━━━━━ DATA FOR THIS EXERCISE

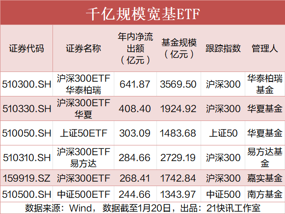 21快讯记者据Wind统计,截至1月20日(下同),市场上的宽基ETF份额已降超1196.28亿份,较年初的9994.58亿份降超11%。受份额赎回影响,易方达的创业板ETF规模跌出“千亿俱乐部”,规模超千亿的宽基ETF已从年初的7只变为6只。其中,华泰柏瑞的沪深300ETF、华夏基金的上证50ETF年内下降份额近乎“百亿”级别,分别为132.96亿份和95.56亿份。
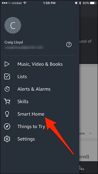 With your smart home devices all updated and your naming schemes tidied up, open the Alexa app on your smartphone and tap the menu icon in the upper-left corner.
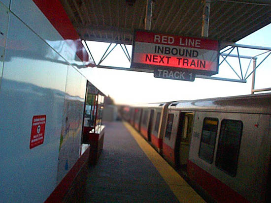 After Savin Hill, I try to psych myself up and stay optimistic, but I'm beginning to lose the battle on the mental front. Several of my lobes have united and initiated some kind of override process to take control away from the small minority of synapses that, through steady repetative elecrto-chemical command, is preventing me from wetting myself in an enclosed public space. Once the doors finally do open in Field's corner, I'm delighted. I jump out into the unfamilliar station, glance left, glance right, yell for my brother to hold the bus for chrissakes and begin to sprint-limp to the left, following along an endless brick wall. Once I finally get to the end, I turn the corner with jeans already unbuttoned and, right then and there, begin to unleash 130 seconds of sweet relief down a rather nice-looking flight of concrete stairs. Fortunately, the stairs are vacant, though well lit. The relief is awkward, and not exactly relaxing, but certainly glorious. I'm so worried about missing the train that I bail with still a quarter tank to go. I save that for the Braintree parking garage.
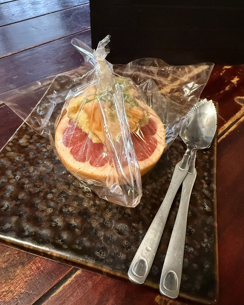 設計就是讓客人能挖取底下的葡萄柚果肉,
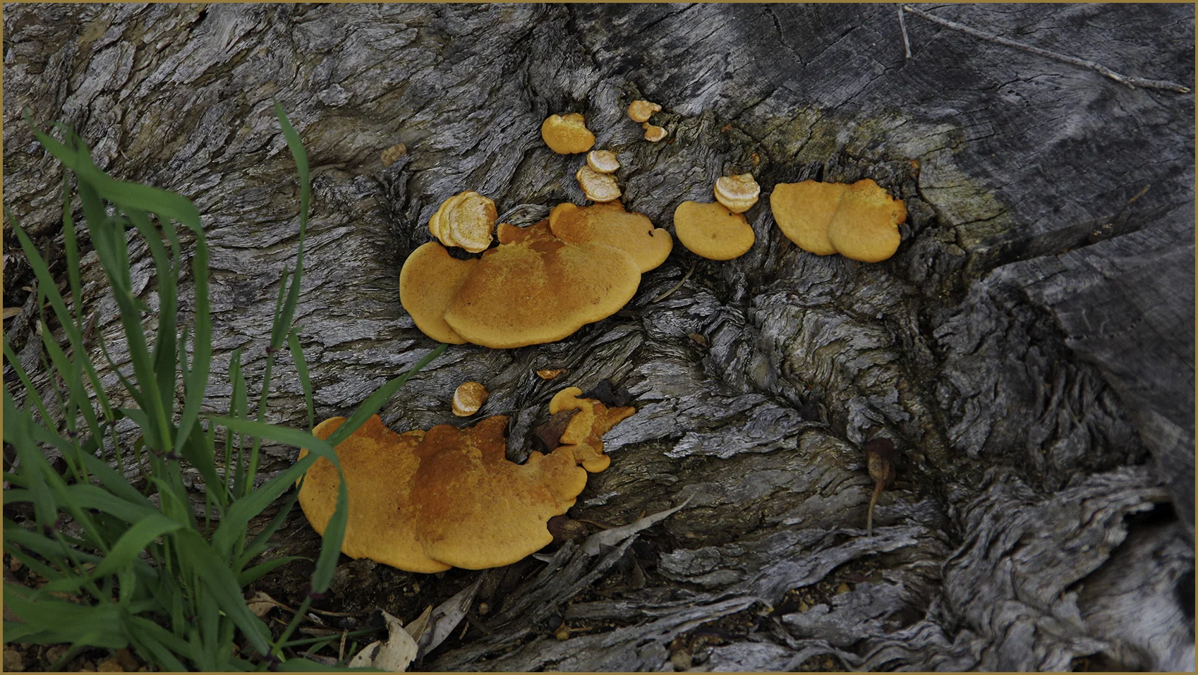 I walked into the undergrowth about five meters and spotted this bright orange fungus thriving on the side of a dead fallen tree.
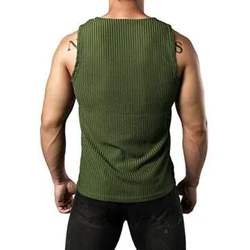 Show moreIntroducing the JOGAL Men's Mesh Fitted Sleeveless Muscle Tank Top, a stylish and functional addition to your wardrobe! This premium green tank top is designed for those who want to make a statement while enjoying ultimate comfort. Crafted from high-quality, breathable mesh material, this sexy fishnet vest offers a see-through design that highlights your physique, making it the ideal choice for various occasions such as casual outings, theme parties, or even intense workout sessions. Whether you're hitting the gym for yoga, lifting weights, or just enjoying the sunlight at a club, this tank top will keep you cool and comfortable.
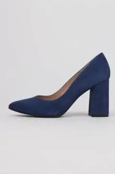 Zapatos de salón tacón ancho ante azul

━━━━━━━━━━

WHAT YOU WILL DO →
When the listing is transcribed, every line must match the original exactly, and the pictures must be left out.

TASK RESULT →
 21快讯记者据Wind统计,截至1月20日(下同),市场上的宽基ETF份额已降超1196.28亿份,较年初的9994.58亿份降超11%。受份额赎回影响,易方达的创业板ETF规模跌出“千亿俱乐部”,规模超千亿的宽基ETF已从年初的7只变为6只。其中,华泰柏瑞的沪深300ETF、华夏基金的上证50ETF年内下降份额近乎“百亿”级别,分别为132.96亿份和95.56亿份。
 With your smart home devices all updated and your naming schemes tidied up, open the Alexa app on your smartphone and tap the menu icon in the upper-left corner.
 After Savin Hill, I try to psych myself up and stay optimistic, but I'm beginning to lose the battle on the mental front. Several of my lobes have united and initiated some kind of override process to take control away from the small minority of synapses that, through steady repetative elecrto-chemical command, is preventing me from wetting myself in an enclosed public space. Once the doors finally do open in Field's corner, I'm delighted. I jump out into the unfamilliar station, glance left, glance right, yell for my brother to hold the bus for chrissakes and begin to sprint-limp to the left, following along an endless brick wall. Once I finally get to the end, I turn the corner with jeans already unbuttoned and, right then and there, begin to unleash 130 seconds of sweet relief down a rather nice-looking flight of concrete stairs. Fortunately, the stairs are vacant, though well lit. The relief is awkward, and not exactly relaxing, but certainly glorious. I'm so worried about missing the train that I bail with still a quarter tank to go. I save that for the Braintree parking garage.
 設計就是讓客人能挖取底下的葡萄柚果肉,
 I walked into the undergrowth about five meters and spotted this bright orange fungus thriving on the side of a dead fallen tree.
 Show moreIntroducing the JOGAL Men's Mesh Fitted Sleeveless Muscle Tank Top, a stylish and functional addition to your wardrobe! This premium green tank top is designed for those who want to make a statement while enjoying ultimate comfort. Crafted from high-quality, breathable mesh material, this sexy fishnet vest offers a see-through design that highlights your physique, making it the ideal choice for various occasions such as casual outings, theme parties, or even intense workout sessions. Whether you're hitting the gym for yoga, lifting weights, or just enjoying the sunlight at a club, this tank top will keep you cool and comfortable.
 Zapatos de salón tacón ancho ante azul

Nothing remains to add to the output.